From ThinkAdvisor’s interesting article on the SEC's initiative to crack down on share class shenanigans:
The division states that it will recommend “standardized, favorable settlement terms to advisors that self-report that they failed to disclose conflicts of interest associated with the receipt of 12b-1 fees by the advisor, its affiliates, or its supervised persons for investing advisory clients in a 12b-1 fee paying share class when a lower-cost share class of the same mutual fund was available for the advisory clients.”
For advisors that are eligible to participate in the SCSD Initiative, the Division states that it will recommend settlements that will require the advisor to disgorge its ill-gotten gains and pay those amounts to harmed clients, but not impose a civil monetary penalty.
However, the SEC warned that it will “recommend stronger sanctions in any future actions against investment advisors that engaged in the misconduct, but failed to take advantage of this initiative.”
The SCSD initiative pertains to 12b-1 fees for open-ended mutual funds. However, in practice most interval funds charge the equivalent of 12b-1 fees. Among other things, the standard interval fund exemptive relief application to offer multiple share classes will ask for relief to
permit the Funds to impose asset-based distribution and shareholder services fees (in a manner analogous to Rule 12b-1 fees for an open-end investment company). [emphasis added—here we are quoting Blackstone / GSO Floating Rate Enhanced Income Fund’s application.]
It would be strange for the SEC to permit what it perceives to be abuses in the interval fund context, after cracking down on them for mutual funds, but I guess that it’s not impossible.

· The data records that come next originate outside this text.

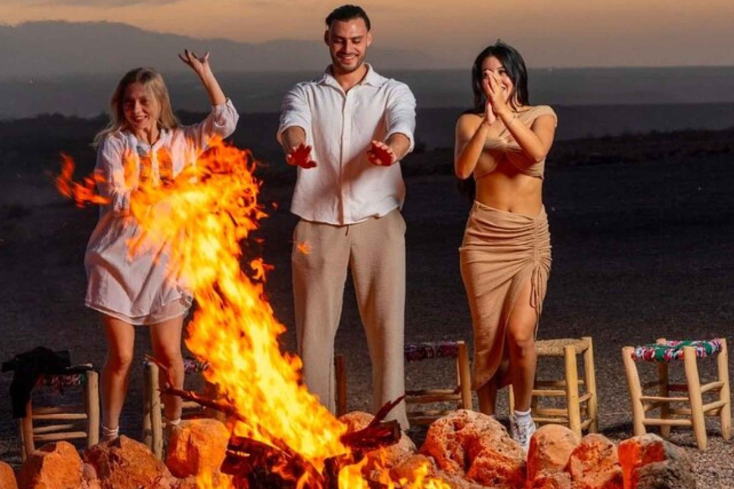 Slip væk fra byens kaos, og nyd en magisk aften i Agafay-ørkenen. Mærk spændingen ved at køre på ATV, rid på en kamel ind i solnedgangen, og nyd en Berber-middag under stjernerne med et fascinerende ildshow.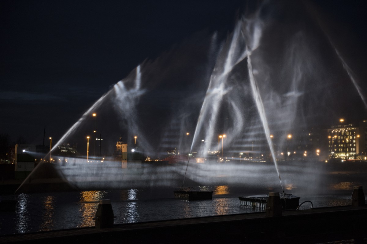 Dupa ce am primit vestea cea mare si am semnat 'Artist's Agreement', am inceput sa cautam solutii tehnice pentru generarea ecranului de apa. Optiunea cea mai buna, hydroshield, nu incapea in buget, asa ca am ales sa lucram cu jeturi de apa. Am avut trei oferte, de la firme din Olanda, Austria si Romania. Impreuna cu organizatorii ALF, am selectat firma austriaca, Eventtechnik.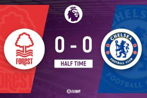 上半场伤停补时1分钟,半场结束,切尔西暂0-0诺丁汉森林。

Also, most REITs (although not all) are outside the ‘40 Act space, but the most recently launched non-traded REITs usually have multiple share classes, so it will be interesting to see if the SEC ever brings enforcement action (and creates a self-policing option) against advisors who use higher fee share classes inappropriately without proper disclosure and justification. It seems like this could be a problem for a dually-registered firm that puts broker clients into REITs that have low fee I shares for RIAs.
And we may predict that such share class considerations for interval funds and REITs might not only eventually have the attention of the SEC, but also FINRA. Recall that back in the day, the predecessor to FINRA followed analogous logic to crack down hard (see pages 4-10 of the linked document) on firms that failed to take advantage of volume discounts for mutual funds.